━━━━━ DATASET EXCERPT
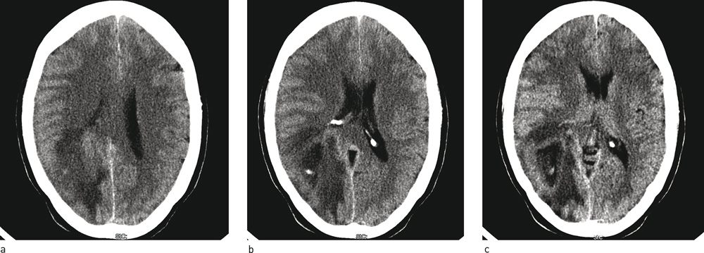 Den første CT-undersøkelsen ble gjort før innleggelse i sykehus og var etter standardprotokoll uten kontrast (fig 1). Undersøkelsen viste en lesjon der videre bildediagnostikk var nødvendig. Hvorfor det ikke umiddelbart ble utført CT-undersøkelse med kontrast av henvisende instans utenfor sykehuset da primærundersøkelsen viste tydelige forandringer, er uvisst. En slik undersøkelse ville ha fremskyndet diagnostiseringen og dermed behandlingen, som videre kunne ha endret prognosen. Ved CT-undersøkelse med kontrast vil abscesser oftest vise seg som ringoppladende lesjoner som et tegn på at blod-hjerne-barrieren er brutt og at det foregår en aktiv prosess rundt pusslommen. For å kunne skille abscesser fra andre intrakraniale romoppfyllende prosesser som høygradige maligne svulster er MR-undersøkelse med og uten kontrastserier, diffusjonsvektede sekvenser og spektroskopi en forutsetning for riktig diagnostikk (8).
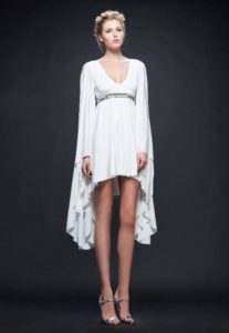Довжина максі – не єдиний доступний варіант. Існують дуже стильні короткі весільні сукні у грецькому стилі. Якщо вбрана в легку довгу сукню наречена схожа на Геру або Афіну, то вишукана сукня-міні надає дівчині схожість з чарівною і пустотливий Артемідою.
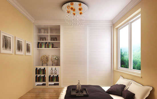 小编点评:巧妙的吊灯和吊顶设计,虽然不用吊顶,卧室的风格也不会差很多,但是经过了这样一个抬高的处理后,整个床和吊灯的距离更近接近,同时还将卧室分成了两个部分,休息区和工作区很好的区别开来。
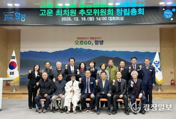 광장일보 주재영 기자 | 함양군은 12월 15일 군청 대회의실에서 ‘고운 최치원 추모위원회 창립총회’를 개최하고, 우리나라 최초의 인공 숲인 상림을 조성한 고운 최치원 선생의 정신을 오늘의 시대정신으로 되살리기 위한 민관 협력의 새로운 출발을 공식화했다고 밝혔다.
━━━━━━━━━━
▶ [EXERCISE GOAL]: Copy out every line of the data above, taking care to leave the pictures out.

▶ [COMPLETED EXERCISE]:
 Den første CT-undersøkelsen ble gjort før innleggelse i sykehus og var etter standardprotokoll uten kontrast (fig 1). Undersøkelsen viste en lesjon der videre bildediagnostikk var nødvendig. Hvorfor det ikke umiddelbart ble utført CT-undersøkelse med kontrast av henvisende instans utenfor sykehuset da primærundersøkelsen viste tydelige forandringer, er uvisst. En slik undersøkelse ville ha fremskyndet diagnostiseringen og dermed behandlingen, som videre kunne ha endret prognosen. Ved CT-undersøkelse med kontrast vil abscesser oftest vise seg som ringoppladende lesjoner som et tegn på at blod-hjerne-barrieren er brutt og at det foregår en aktiv prosess rundt pusslommen. For å kunne skille abscesser fra andre intrakraniale romoppfyllende prosesser som høygradige maligne svulster er MR-undersøkelse med og uten kontrastserier, diffusjonsvektede sekvenser og spektroskopi en forutsetning for riktig diagnostikk (8).
Довжина максі – не єдиний доступний варіант. Існують дуже стильні короткі весільні сукні у грецькому стилі. Якщо вбрана в легку довгу сукню наречена схожа на Геру або Афіну, то вишукана сукня-міні надає дівчині схожість з чарівною і пустотливий Артемідою.
 小编点评:巧妙的吊灯和吊顶设计,虽然不用吊顶,卧室的风格也不会差很多,但是经过了这样一个抬高的处理后,整个床和吊灯的距离更近接近,同时还将卧室分成了两个部分,休息区和工作区很好的区别开来。
 광장일보 주재영 기자 | 함양군은 12월 15일 군청 대회의실에서 ‘고운 최치원 추모위원회 창립총회’를 개최하고, 우리나라 최초의 인공 숲인 상림을 조성한 고운 최치원 선생의 정신을 오늘의 시대정신으로 되살리기 위한 민관 협력의 새로운 출발을 공식화했다고 밝혔다.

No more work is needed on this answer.